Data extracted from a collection
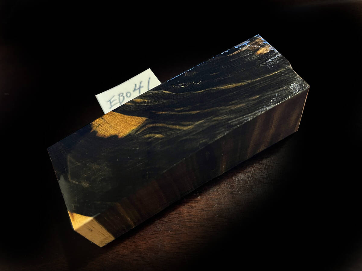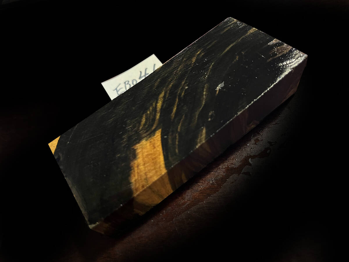 ごらんくださりありがとうございます。 こちらはエボニー(黒檀)の非常に珍しい杢材です。 エボニー(黒檀)は、カキノキ科の植物なので、 黒柿のクジャク杢の様な杢の材が、ごく稀に取れる事があります。 エボニー(黒檀)のクジャク杢は、 ダークグリーングレーのうねりのある杢や、黒・ブラウン・白のカラーが入り混じったり、 縮杢が出たりと物凄い変化に富んだ材です。 加工後の質感も黒檀なので高級感のある緻密な仕上がりになります。 本当に美しく、殆ど市場に出ることは無い部位の材です。 最上級の工芸品などにいかがでしょうか。 【サイズについて】 長さ 約92mm 幅 約37mm 厚み 約19mm ※多少の誤差はご容赦ください 【コンディションについて】 ※画像はバールの状態がよくわかる様に水引きをして撮影しています。 ※細かいヒビや色、模様を画像でよく確認してから納得の上ご入札を、お願いいたします。 ※お使いのPC環境、携帯端末によって色合いが異なる事がありますのを ご了承の上入札をお願いいたします。
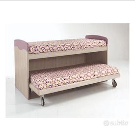 Cameretta a ponte composta da 3 letti esterni di cui uno a ponte alto, uno mezzano e uno basso. (come foto esempio)
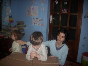 Tati ne-a adus o cutie uriasa (de foarte multe ori ne aduce cutii, pentru ca lor le place sa se ascunda in ele, lui D. sa deseneze usi , ferestre, etc) . NOi, eu si D. am facut zeci de gaurele in ea cu o surubelnita. L-am lasat si pe D. si a fost tare, tare priceput, mai ales ca se gaurea foarte usor cartonul.
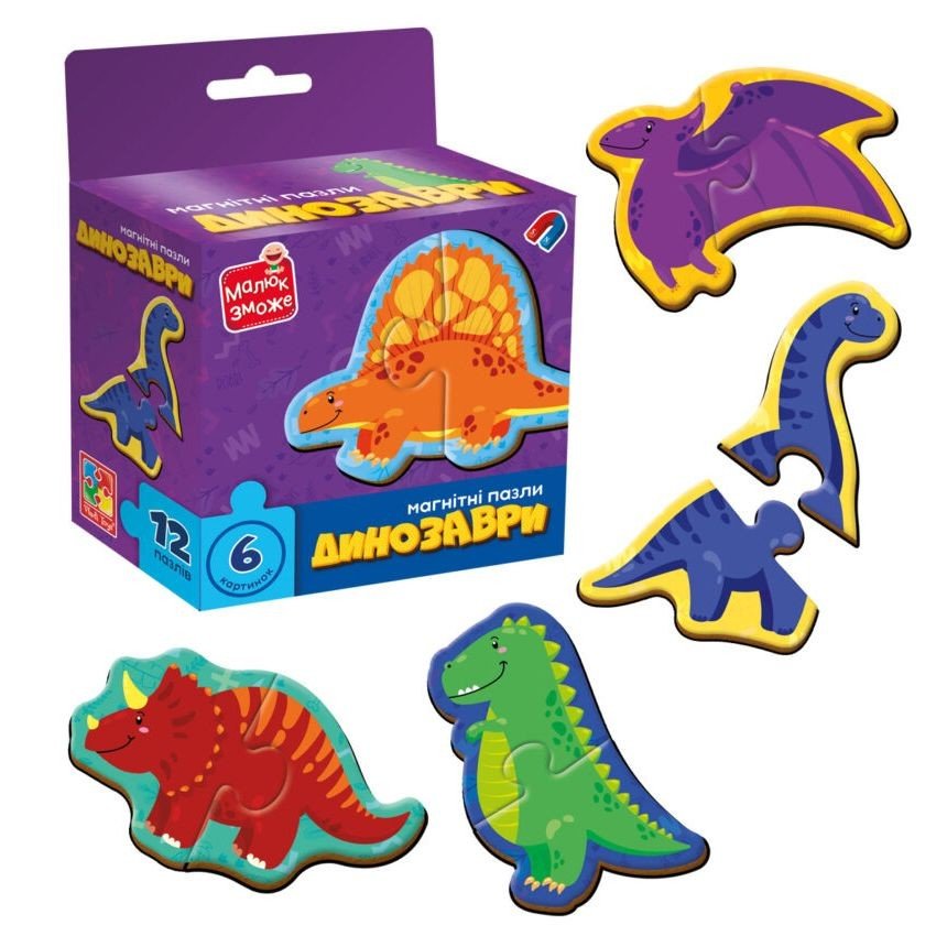 Барвисті пазли з тваринками. Така іграшка є веселою можливістю поглянути на те, на що здатні магніти та як гарно деталі тримаються між собою. Ігри з пазлами чудово розвиватимуть дрібну моторику рук, увагу, та допоможуть дитині вивчити динозаврів. Виготовлено з якісних та безпечних матеріалів. Рекомендовано для дітей старше 3 років.
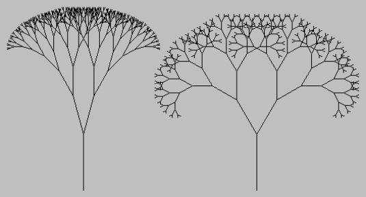 出力例2: 8次の樹木曲線:枝の間の角度が30度の場合(左)と60度の場合(右)
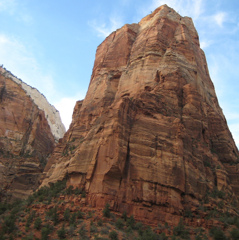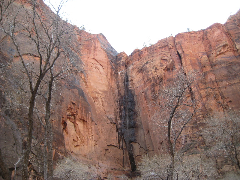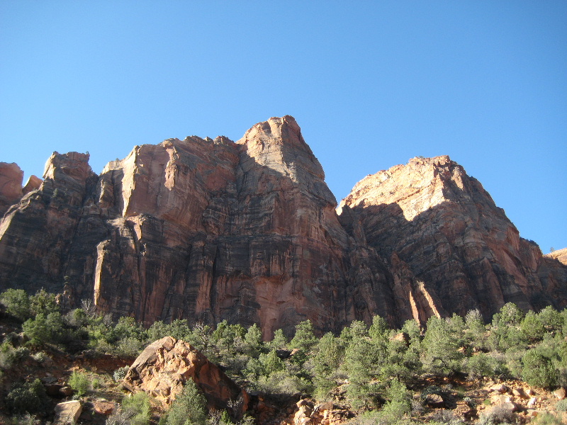 The Park does not permit cars to travel to the top of the canyon anymore. In 2000, the National Park Service implemented a shuttle which takes tourists throughout the canyon and makes 7 stops. Since shuttles run every 6-8 minutes throughout the day and evening, you can get out and take photos and hike for as long as you want. We took the shuttle to the end of the line, at “Temple of Sinawava“, where the Virgin River narrows – called “The Narrows”. At this point the river becomes the trail and you can wade through the narrows. We had our water shoes with us and had planned to wade a little, but it was late in the day so we decided against it. The following photos are what we took in this canyon:
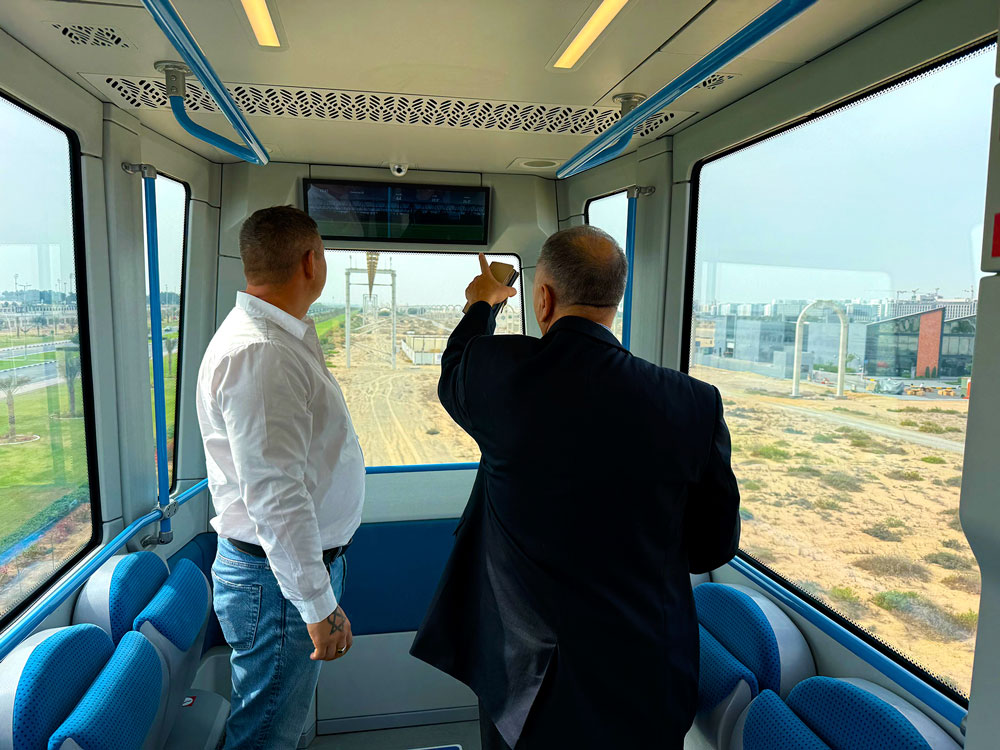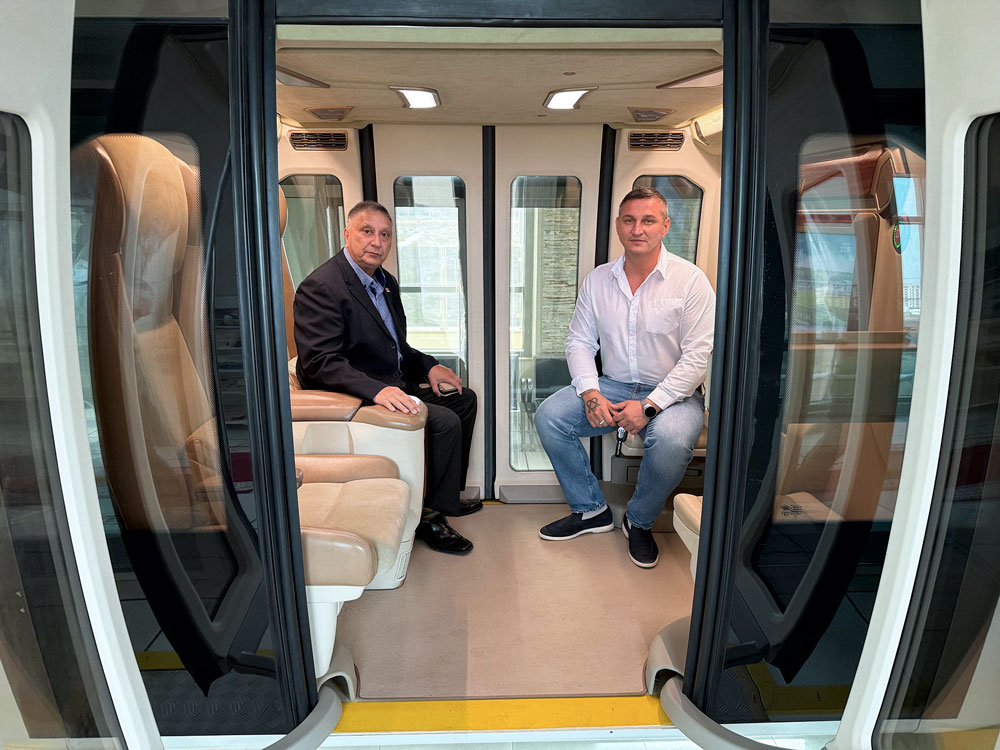 During the uSky tour, the uSky Transport team showcased elements of the intelligent control system, demonstrated movement monitoring in the dispatch centre, and explained how infrastructure condition control is carried out at all stages of operation and testing. The guest also familiarised himself with the structural solutions of the track system and approaches to ensuring sustainability in various climatic conditions.
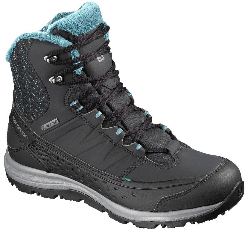 SALOMON KAINA MID GTX - nowa wersja butów zimowych z wysoką cholewką, wyposażonych w podeszwę zapewniającą stopom naturalny ruch, wodoodporną membranę Gore-tex oraz warstwę ocieplającą Climatherm™. Idealne obuwie na zimową aktywność w górach. Zapewniają komfort cieplny aż do -18st. C.
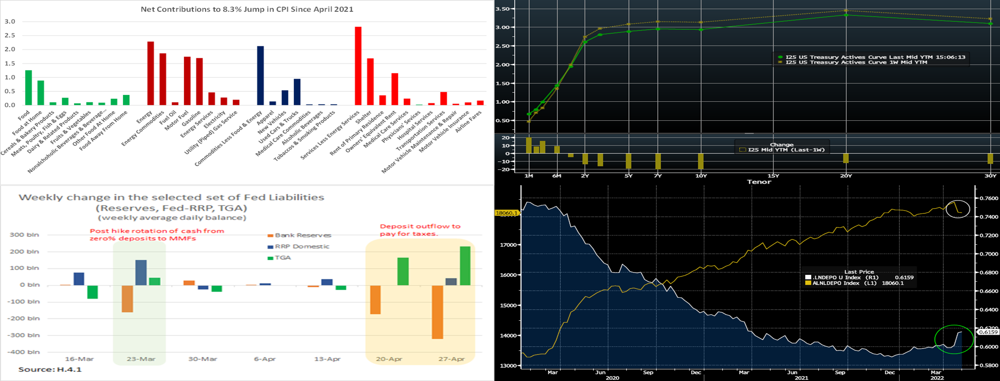 Source: FRB; FHLBNY. Portrayed here are recent flows in the cash and banking system. After the Fed lifted the policy rate off the 0% lower bound at the March FOMC meeting, cash rotated out of low or non-interest bank deposits into other vehicles. Deposits declined, as evidenced by the decline in bank reserves (orange bar). In turn, money market funds (“MMFs”) experienced inflows, as evidenced by the notable rise in the Fed’s RRP balance, a currently popular vehicle for MMF assets. This dynamic recurred following the May 4 FOMC policy rate hike. The short-end yield curve is now high enough for MMFs to be a more compelling vehicle net-of-fees, and so more of this cash rotation dynamic can be anticipated. Meanwhile, also seen here is the large increase in the TGA (Treasury General Account, green bar) in April. This dynamic largely resulted from a surge of higher-than-expected (~$491bn) personal tax payments. In turn, deposits experienced a decline, as reflected in the drop in bank reserves.
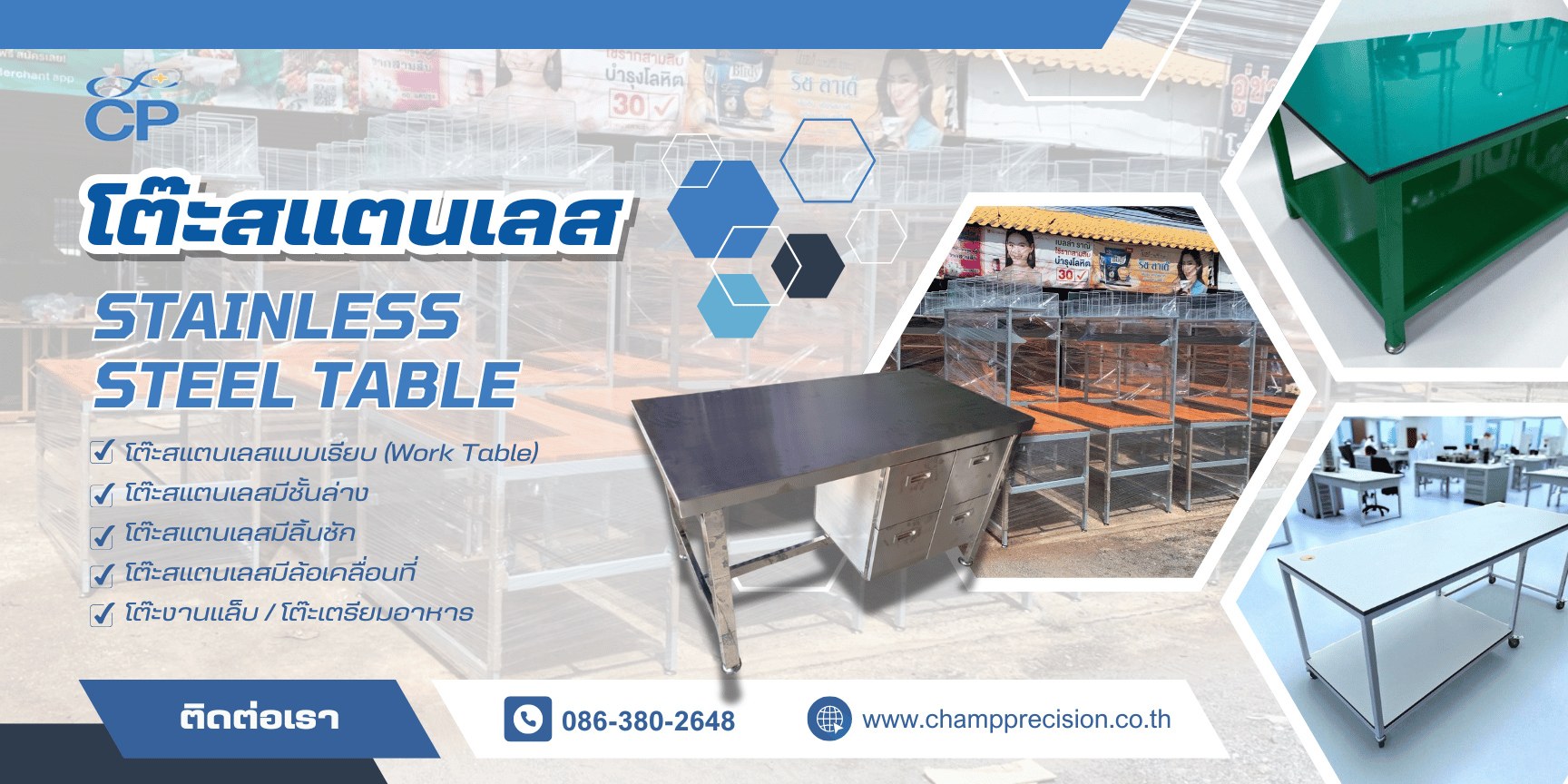 โต๊ะสแตนเลส Stainless Steel Table

▸ PROBLEM DESCRIPTION:
When you reach the line with "Tati ne-a adus" in the records above, begin repeating the lines exactly, and stop after the line with "SALOMON KAINA MID". Skip all pictures.

▸ TASK ANSWER:
 Tati ne-a adus o cutie uriasa (de foarte multe ori ne aduce cutii, pentru ca lor le place sa se ascunda in ele, lui D. sa deseneze usi , ferestre, etc) . NOi, eu si D. am facut zeci de gaurele in ea cu o surubelnita. L-am lasat si pe D. si a fost tare, tare priceput, mai ales ca se gaurea foarte usor cartonul.
 Барвисті пазли з тваринками. Така іграшка є веселою можливістю поглянути на те, на що здатні магніти та як гарно деталі тримаються між собою. Ігри з пазлами чудово розвиватимуть дрібну моторику рук, увагу, та допоможуть дитині вивчити динозаврів. Виготовлено з якісних та безпечних матеріалів. Рекомендовано для дітей старше 3 років.
 出力例2: 8次の樹木曲線:枝の間の角度が30度の場合(左)と60度の場合(右)
 The Park does not permit cars to travel to the top of the canyon anymore. In 2000, the National Park Service implemented a shuttle which takes tourists throughout the canyon and makes 7 stops. Since shuttles run every 6-8 minutes throughout the day and evening, you can get out and take photos and hike for as long as you want. We took the shuttle to the end of the line, at “Temple of Sinawava“, where the Virgin River narrows – called “The Narrows”. At this point the river becomes the trail and you can wade through the narrows. We had our water shoes with us and had planned to wade a little, but it was late in the day so we decided against it. The following photos are what we took in this canyon:
 During the uSky tour, the uSky Transport team showcased elements of the intelligent control system, demonstrated movement monitoring in the dispatch centre, and explained how infrastructure condition control is carried out at all stages of operation and testing. The guest also familiarised himself with the structural solutions of the track system and approaches to ensuring sustainability in various climatic conditions.
 SALOMON KAINA MID GTX - nowa wersja butów zimowych z wysoką cholewką, wyposażonych w podeszwę zapewniającą stopom naturalny ruch, wodoodporną membranę Gore-tex oraz warstwę ocieplającą Climatherm™. Idealne obuwie na zimową aktywność w górach. Zapewniają komfort cieplny aż do -18st. C.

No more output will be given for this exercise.